Report Payroll Errors Promptly

In this case, the "employee" had actually turned down the job offer, and never worked for the large company at all. Somehow, the company's payroll system didn't get the notice, and sent him more than $470,000 in pay over three years. When someone caught the error, of course the company asked to be paid back and, of course, the man had spent most of it.

These results are to be expected, although people may wrongly assume that in a large company the dollar amounts are absorbed. In reality, however, someone who was knowingly "unjustly enriched" by such errors is expected to return what isnt rightly theirs. This could put you in a very difficult position such as jail - if its already been spent and cant be recovered.

Criminal Prosecution May Occur in the State Where the Money Originated.

In this case, the "non-employee" lived in Illinois, but the company was in New Jersey. The man was charged and sentenced under New Jersey law. He was sentenced to a six-month prison term and ordered to pay back the entire $470,000.

Going to court in another state can be intimidating and frightening, and quite expensive. The judge or jury likely will not be sympathetic to an "outsider" who, it might be viewed, wrongfully deprived one of their own of time, money, or resources. In addition, you'll need to find and retain the services of a local lawyer to work in unfamiliar terrain.

Report Suspicious Circumstances Using Appropriate Channels.

If you learn of fraud in your own company or elsewhere, carefully consider the right way to report it. Whistleblower laws can protect employees, but only under certain circumstances.

Before reporting, however, check the accuracy of your facts. If you have only second-hand, non-verified rumors, you may be putting your job and reputation in peril by reporting something that turns out to be OK.

At worst, you could be putting yourself at risk for a suit for defamation, which is a "false statement of fact".

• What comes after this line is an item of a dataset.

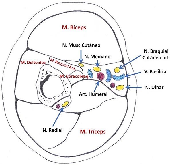 Tal vez una de las visiones de la anatomía topográfica más útiles para esta técnica quirúrgica, sea la descripción de un corte axial a nivel del eje de la anastomosis nerviosa. Podemos dividir el brazo en su porción media en dos grandes compartimientos: anterior y posterior, separados por un tabique intermuscular interno y otro externo, que se extienden desde el húmero hasta la cara profunda de la aponeurosis braquial. A nivel del abordaje encontramos por planos desde superficial a profundo: la piel, el tejido celular subcutáneo y la fascia o aponeurosis braquial. Luego se debe ingresar al compartimiento anterior inmediatamente por delante del tabique intermuscular interno, por lo que toda la cirugía se desarrolla en dicho compartimiento. El nervio ulnar en la parte media del brazo atravieza el tabique intermuscular interno y se situa en el compartimiento posterior, no obstante, a la altura de la cirugia el nervio se situa integramente en el compartimiento anterior, por lo cual podremos identificarlo en situación inmediata a dicho tabique interno, generalmente acompañado por la arteria colateral interna, rama de la humeral. Guiados por el latido, puede identificarse la arteria humeral, que se encontrará acompañada de sus dos venas satélites, humerales interna y externa; asimismo su trayecto vascular se encontrará acompañado en todo el brazo por el nervio mediano. El nervio musculocutáneo discurre, luego de emerger de su traspaso por músculo coracobraquial, en un espacio con tejido conectivo laxo entre los músculos biceps y braquial anterior.Asimismo, no podemos dejar de mencionar a dos elementos superficiales e internos que debemos diferenciar del resto de las estructuras previamente enumeradas: la vena basílica y el nervio braquial cutáneo interno. La vena se situará anterior al nervio ulnar y posterior al braquial cutáneo interno, mientras que este último podemos observarlo de escaso calibre y sin respuesta a la neuroestimulación, ya que se trata de un nervio sensitivo puro (figs. 1 y 2).
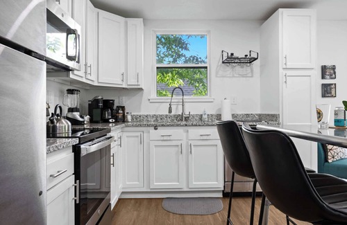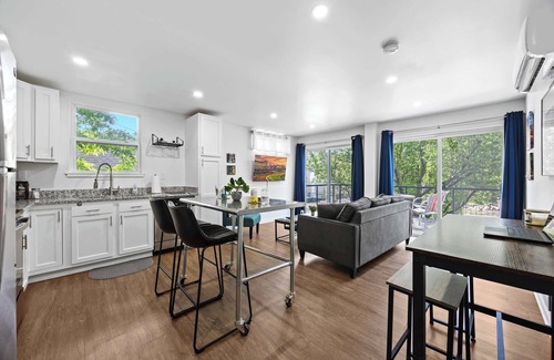 Guests can enjoy access to a shared yard, a rare feature in NuLu. Inside, each unit boasts a modern kitchen equipped with stainless steel appliances, complemented by abundant natural light streaming through large glass doors and windows. Perfect for groups visiting Derby, Bourbon & Beyond, or Forecastle.

Seek the advice of an attorney who'll speak with you confidentiality about the positive and negative aspects of reporting troublesome activity. You may choose instead to contact the local Attorney General's office, Better Business Bureau, or prosecutor.

Question for Your Attorney

  • I've been accused of fraud in my company, but its not true. What can I do?
  • How can I find out my company's policy regarding whistleblowing; if I believe someone is committing fraud or using company money inaccurately?